Richmond
On the eve of Juneteenth, the school board of Richmond, Virginia voted to rename J.E.B. Stuart Elementary after Barack Obama. In a city full of politically loaded symbols, this is a big one.
The former Confederate capital is riddled with statues of Civil War figures like Stuart, most notably on Monument Avenue. The debate over whether to take them down has waxed and waned over the last several decades. But public pressure over the last few years has intensified, after a series of events forced even complacent Richmonders to consider America’s racist past and present.
Dylann Roof’s murderous attack on a black church in Charleston, South Carolina, followed by the election of Donald Trump and the ensuing white supremacist rally in nearby Charlottesville, has finally started to upend a foundation of Richmond’s identity: Statues honoring the white men who once commanded armies in the name of slavery, looking down on the city from enormous pedestals.
The city’s mayor Levar Stoney, who is black, has dragged his feet about what to do about the city’s Confederate monuments. It took gubernatorial candidate Ralph Northam to announce his own support before Stoney agreed to let the Monument Avenue Commission even consider removing them.

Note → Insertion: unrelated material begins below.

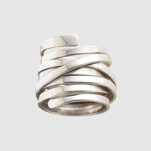 Този уникален пръстен впечатлява с многослоен сребрист дизайн, който съчетава модерна визия и изтънчена простота. Изработен с внимание към детайла, той е идеалният акцент към всяка визия – от ежедневна до вечерна.

The move to create Barack Obama Elementary was also controversial, though not necessarily for the reasons you’d think. Kenya Gibson, the lone dissenter at the school board vote, was in favor of removing Stuart’s name, but wanted to replace him with a local figure. “This is Richmond and we are about history and we have so many great local stories to tell,” Gibson said. “Our local stories are so important to cherish.” Civil rights leader Barbara Johns and local attorney Oliver Hill, both instrumental in the landmark 1954 Brown v. Board of Education case, were put forward as options, along with Henry Marsh, the first black mayor of Richmond.
Richmond itself is majority black—as are 90% of the students at the former J.E.B. Stuart Elementary—but the city’s white majority has done its best to assert its dominance over the past two centuries. Most of the monuments were erected during the Jim Crow era, with the crown jewel—Robert E. Lee’s statue—rising defiantly in 1890. Stuart Elementary was established in 1922, at the same time as the NAACP was working to pass an anti-lynching bill that was ultimately blocked by Southern senators.
Though last night’s renaming of the school met with surprisingly little opposition, the Richmond region has miles to go before it comes to grips with its monuments to racism. A notoriously poverty-stricken corridor is anchored by Jefferson Davis Highway, and neighboring Hanover County recently voted to keep “Confederates” and “Rebels” as the mascots of Lee-Davis High School and Stonewall Jackson Middle School, respectively. And of course, the city’s infamous monuments are still atop their pedestals—though the students currently enrolled at Barack Obama Elementary may one day have something to say about that.